Your copy should contain exactly the lines from the start of the material through the line containing "Problemlos möglich, da", and no pictures.

- - - -

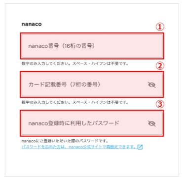 nanaco番号(16桁の番号/ハイフンなし)を入力します。
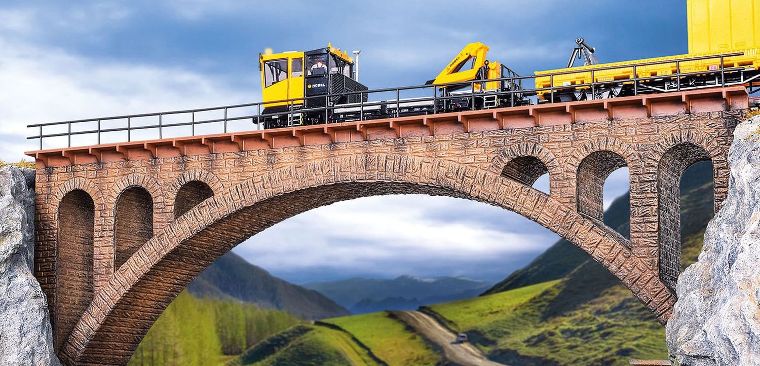 Mit aufgeständerter Fahrbahn aus Hausteinen. Die Brücke ist auch für das Märklin C-Gleis geeignet. Fahrbahnbreite: 4 cm. Maße: L 36 x B 6 x H 10,5 cm.
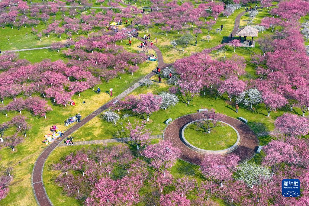 2月16日,游人在浙江省寧波市鎮(zhèn)海區(qū)莊市街道永旺村梅花園游玩(無人機(jī)照片)。
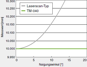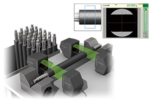 Problemlos möglich, da die Modellreihe TM-3000 den Außendurchmesser anhand eines 2D-Bildes ermittelt und dabei zugleich die Neigung des Objekts erkennt. Somit kann der Sensor den Außendurchmesser erfassen und dabei automatisch die Neigung korrigieren.
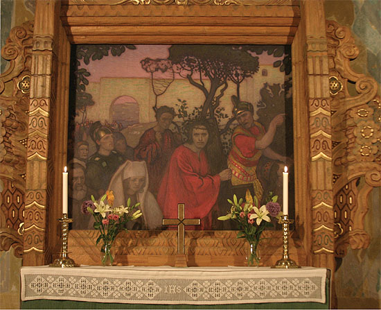 Altartavlan i Trefaldighetskyrkan i Arvika. Altartavlan är målad av Björn Ahlgrensson som tillhörde Rackstadkolonin. Arvikaborna kunde känna igen flera ansikten på motivet eftersom det var flera lokala profiler som stod modell. Fotograf: Torgny Lindén, licens: cc-by
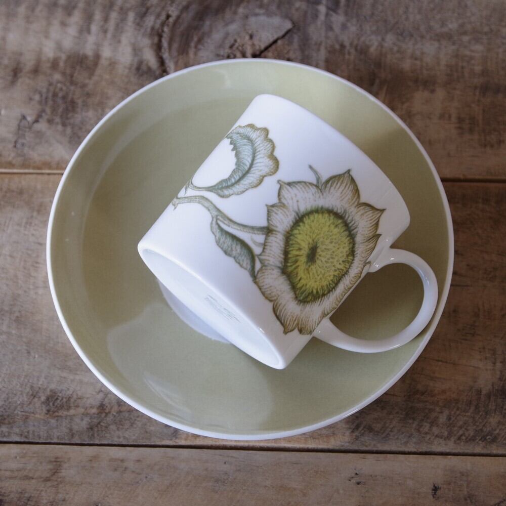 寸胴のカップに、レトロなひまわりの絵柄が大胆に描かれています。
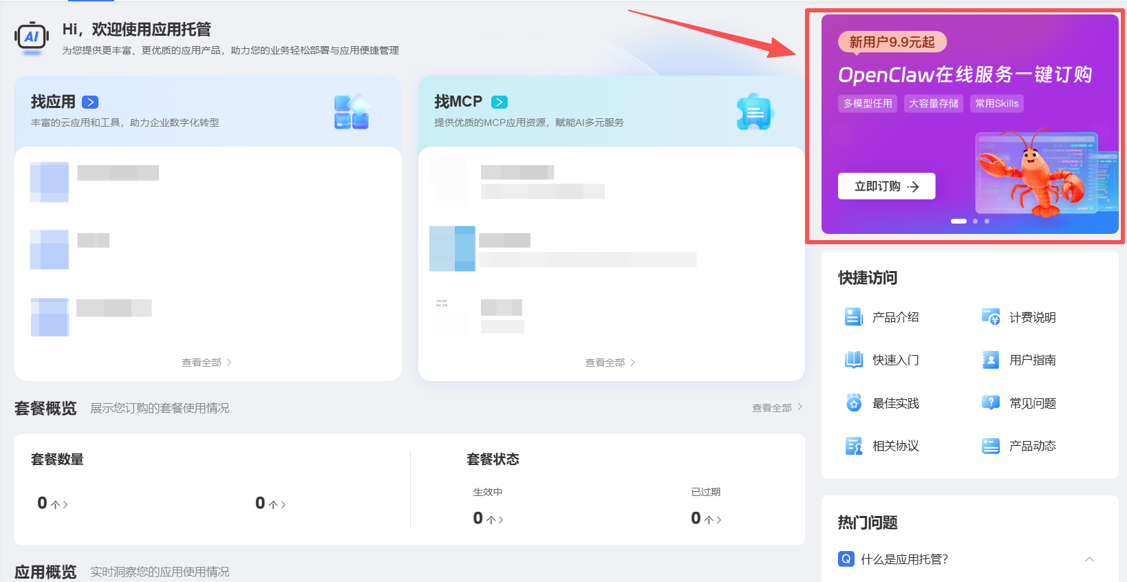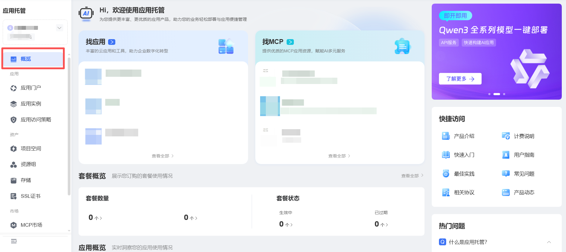 本文档为您介绍天翼云应用托管概览页的功能与操作步骤,帮助您快速完成套餐订购、产品使用概况查询与快捷功能访问等内容。
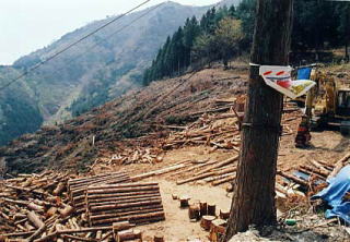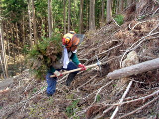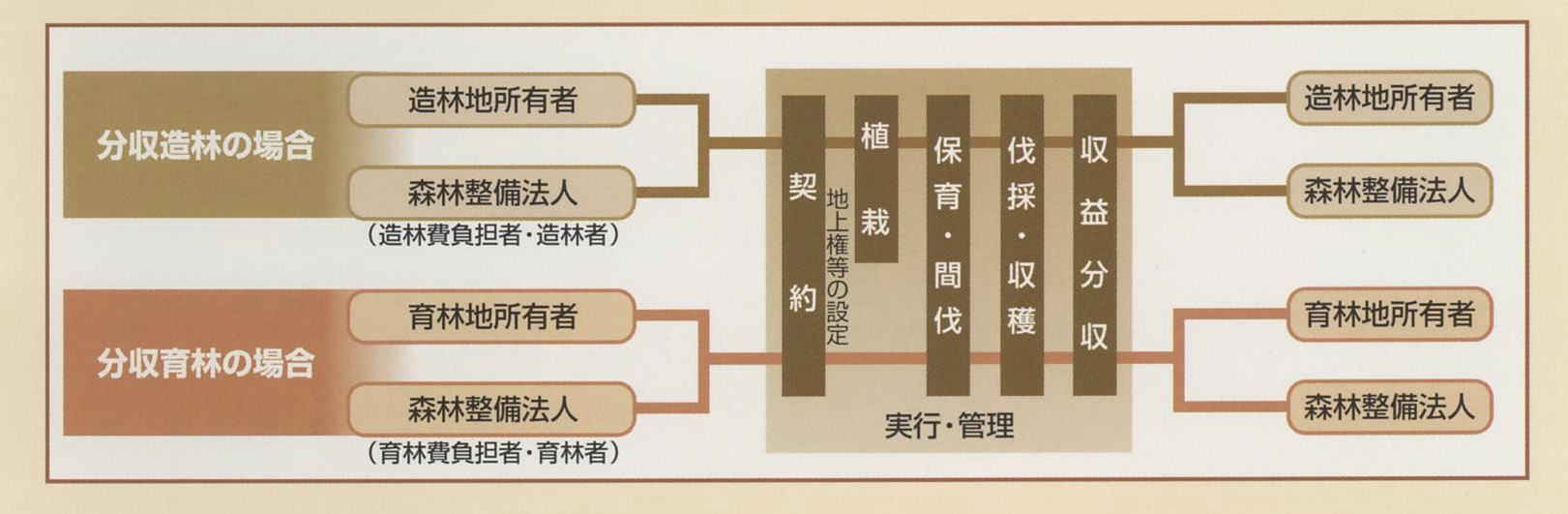 分収造林は、土地所有者が造林ができない山林を農林公社が造林者となり、植栽、保育管理を行い、伐採時の収益を分け合うものです。
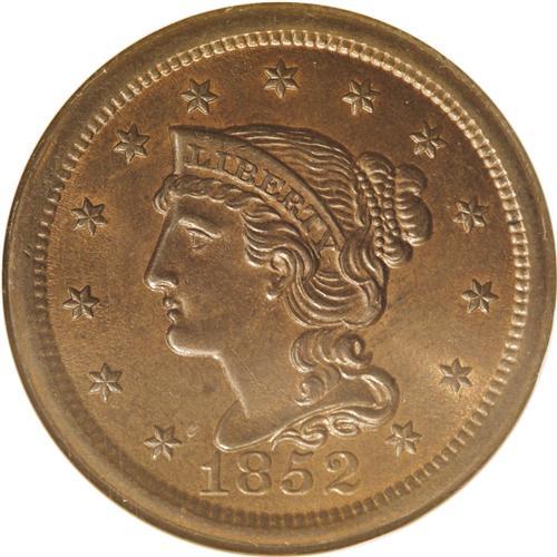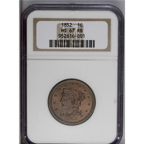 1852 1C MS67 Red and Brown NGC. N-11, R.1. Grellman Di
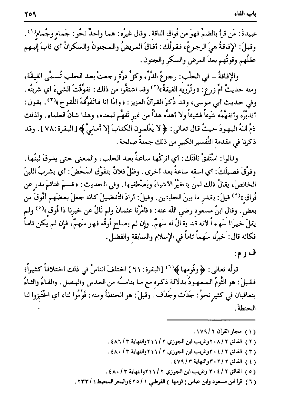 والإفاقة -في الحلب: رجوع الدر، وكل درةٍ رجعت بعد الحلب تسمى الفيقة، ومنه حديث أم زرعٍ: "وترويه الفيقة" وقد اشتقوا من ذلك: تفوقت الشيء أي شربته. وفي حديث أبي موسى، وقد ذكر القرآن العزيز: "وأما أنا فأتفوقه اللقوح". يقول: أتدبره وأفهمه شيئًا فشيئًا ولا أهده هدًا من غير تفهم لمعناه، وهذا شأن العلماء. ولذلك ذم الله اليهود حيث قال تعالى: {لا يعلمون الكتاب إلا أماني} [البقرة: 78]. وقد ذكرنا في مقدمة التفسير الكبير من ذلك جملة صالحة.

- - - -

*Solution*.
 nanaco番号(16桁の番号/ハイフンなし)を入力します。
 Mit aufgeständerter Fahrbahn aus Hausteinen. Die Brücke ist auch für das Märklin C-Gleis geeignet. Fahrbahnbreite: 4 cm. Maße: L 36 x B 6 x H 10,5 cm.
 2月16日,游人在浙江省寧波市鎮(zhèn)海區(qū)莊市街道永旺村梅花園游玩(無人機(jī)照片)。
 Problemlos möglich, da die Modellreihe TM-3000 den Außendurchmesser anhand eines 2D-Bildes ermittelt und dabei zugleich die Neigung des Objekts erkennt. Somit kann der Sensor den Außendurchmesser erfassen und dabei automatisch die Neigung korrigieren.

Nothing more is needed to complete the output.